Azzura duduk di tepi pos satpam. Menunggu Angkasa selesai di introgasi dan mereka akan dibiarkan masuk secara cuma-cuma.
"Bagus. Tambah cuaakeepp. Ya udah, masuk aja. Pelajarannya udah dimulai", ucap Bu Mariska berbesar hati.
Melihat kode dari Angkasa, Azzura bangkit dari posisi nyamannya dan jalan mengikuti Angkasa di belakangnya.
"Eh eh eh, ini apa lagi? Kamu kenapa ikut masuk?", ibu Mariska menghentikkan Azzura dengan tatapan sinis. Berbeda dengan tatapan beberapa detik yang lalu ketika bicara dengan Angkasa. Azzura nyengir. Meskipun dia senyum semanis Angkasa pun Bu Mariska tidak akan membiarkannya masuk secara cuma-cuma.
"Saya ada urusan sama dia, pinjem dulu yah, Bu", ibu Mariska diam sejenak. Mempertimbangkan apa-apa yang harus ia lakukan selanjutnya. Sampai pada akhirnya, beliau mengangguk mantap saat melihat senyum Angkasa makin melebar.
Angkasa menarik lengan Azzura dengan antusias. Melewati lorong-lorong sekolah dan berhenti di depan kelasnya yang sudah tertutup rapat. Angkasa mendekatkan wajahnya di dekat jendela. Sudah ada guru paling killer di dalam sana.
"Nggak usah masuk. Nanti kena hukuman", Angkasa mengurungkan niatnya untuk masuk ke dalam kelas.
Angkasa melepas jaketnya dan dimasukannya ke dalam tas lalu kembali berjalan ke ruang musik yang menjadi basecamp-nya beberapa hari ini. Diikuti dengan Azzura yang terima-terima saja mengikuti kemauan Angkasa yang jelas-jelas salah.
"Lo kan bodo matematika. Ngapain kabur-kaburan terus sih?", Angkasa mengedikkan bahunya acuh. Meletakkan tasnya di sofa dan berjalan menuju gitar yang ada di pojok ruangan.

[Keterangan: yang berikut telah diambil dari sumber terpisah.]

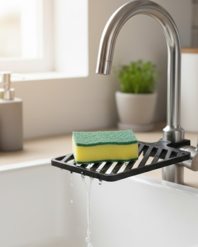 Damlama tepsili musluk sünger tutucu, mutfak süngerinin ıslak kalmasını önleyerek daha hijyenik bir kullanım sunar. Sünger, musluğa entegre edilen tepsi üzerinde durur ve yıkama sonrası akan su doğrudan evyeye yönlendirilir. Böylece tezgâh üzerinde su birikmez ve mutfak daha temiz kalır.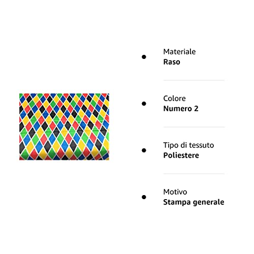 TOMASELLI MERCERIA Tessuto Raso Carnevale Stampato arlecchino Grande e Piccolo Alto 150 cm - Numero 2

"Gue mau sih, belajar matematika--", Angkasa menarik nafasnya dalam-dalam di sela-sela kalimatnya. "Tapi, kalau lo mau ajarin gue", sambungnya sambil memangku gitar berwarna coklat yang baru saja dibeli beberapa hari yang lalu.
"Ga melulu sama Kak Elang terus", sambungnya dengan nada ketus secara tiba-tiba.

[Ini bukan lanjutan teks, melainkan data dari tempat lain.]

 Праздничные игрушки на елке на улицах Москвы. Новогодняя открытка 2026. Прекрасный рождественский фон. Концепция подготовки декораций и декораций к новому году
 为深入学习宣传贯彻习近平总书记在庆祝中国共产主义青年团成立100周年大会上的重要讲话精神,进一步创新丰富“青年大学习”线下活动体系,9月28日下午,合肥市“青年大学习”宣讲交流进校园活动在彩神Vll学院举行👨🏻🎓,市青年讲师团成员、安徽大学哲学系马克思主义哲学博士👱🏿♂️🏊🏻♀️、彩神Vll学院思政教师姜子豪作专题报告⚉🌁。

"Cemburu?", Azzura menahan tawanya sementara.
"Dikit", jawab Angkasa sedikit berbohong.
Azzura ikut meletakkan tasnya di atas sofa. Berjalan mendekat ke Angkasa dan mengambil sepasang stick di atas drum itu sendiri.

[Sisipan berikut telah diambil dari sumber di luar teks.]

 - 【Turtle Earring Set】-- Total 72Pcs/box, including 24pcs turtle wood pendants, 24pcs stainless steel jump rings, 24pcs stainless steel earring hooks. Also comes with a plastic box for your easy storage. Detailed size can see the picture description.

"Memang bisa mainnya?", Angkasa memasang wajah tak percaya bahwa cewek ini bisa memainkan drum. Kalaupun bisa paling hanya pukul-pukul tanpa ada nadanya.
"Kalau nggak bisa kan ada masternya disini", tutur Azzura dengan percaya diri.
Angkasa hanya bisa menggeleng-gelengkan kepalanya saat teleponnya ikut berdering. Menjauh beberapa centimeter dari tempat asalnya. Berbicara banyak hal lewat telepon lalu kembali lagi dengan wajah gugup.
Angkasa tidak kembali ke tempatnya berdiri semula, melainkan mengambil tas di sofa dan berjalan keluar tanpa menjelaskan apapun.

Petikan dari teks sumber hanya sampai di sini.